Dry Mouth Institute
You understand that Dry Mouth Institute provides various services with respect to the diagnosis and treatment of dry mouth. While some of these services are provided for free, there are certain services for which costs will be incurred by you, if you decide to avail such services. You acknowledge and confirm that payments are non-refundable regardless of any reason whatsoever.
You acknowledge that Dry Mouth Institute is solely a counseling service and cannot substitute your local physician, doctor, or other professional. Dry Mouth Institute shall not be liable for the short or long term side-effects of the treatment, outcome of the treatments, or the delay of other treatment possibilities any reason whatsoever.
You acknowledge that if you choose the treatment plan proposed by Dry Mouth Institute, there is a risk that you may lose time at work or home and spend more time in the hospital or doctor’s office.

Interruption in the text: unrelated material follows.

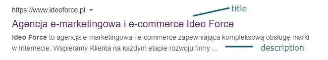 Jeśli pojawiamy się już na wysokich pozycjach, na frazy, które nas interesują, nie możemy na tym poprzestać. Teraz powinniśmy rozpocząć walkę o to, aby klient wybrał właśnie nasz link, spośród wielu innych. Jednym z ze sposobów na wyróżnienie właśnie swojej strony, jest zoptymalizowanie title oraz desription.

You assume full risk and responsibility for the use of information you obtain from or through our service or website, and you agree that Dry Mouth Institute is not responsible or liable for any claim, loss, or liability arising from the use of the information. You agree to review the definitions, functionality, and limitations of the services, and to make an independent determination of their suitability for your use.
Scope of the counseling is to enhance the quantity and quality of your saliva. The results are not predictable since not two patients are alike. Desired results are expected, but they are not guaranteed.
Risks and Side Effects
Dry Mouth Institute will propose a tailored treatment plan for you. Notice some of this proposed medicine included in the tailored treatment plan might not be approved in your country but will be approved in Denmark. All medicine including over-the-counter, have potential side-effects. If you are in doubt of any medicine prescribed to you, do not initiate the use of it but consult your physician beforehand.
I have read and understood the information in this form. I was free to ask any questions and doubts, and questions have been answered to my full satisfaction. I am over 18 years of age and exercising my free power of choice and hereby give my consent to accept this counseling.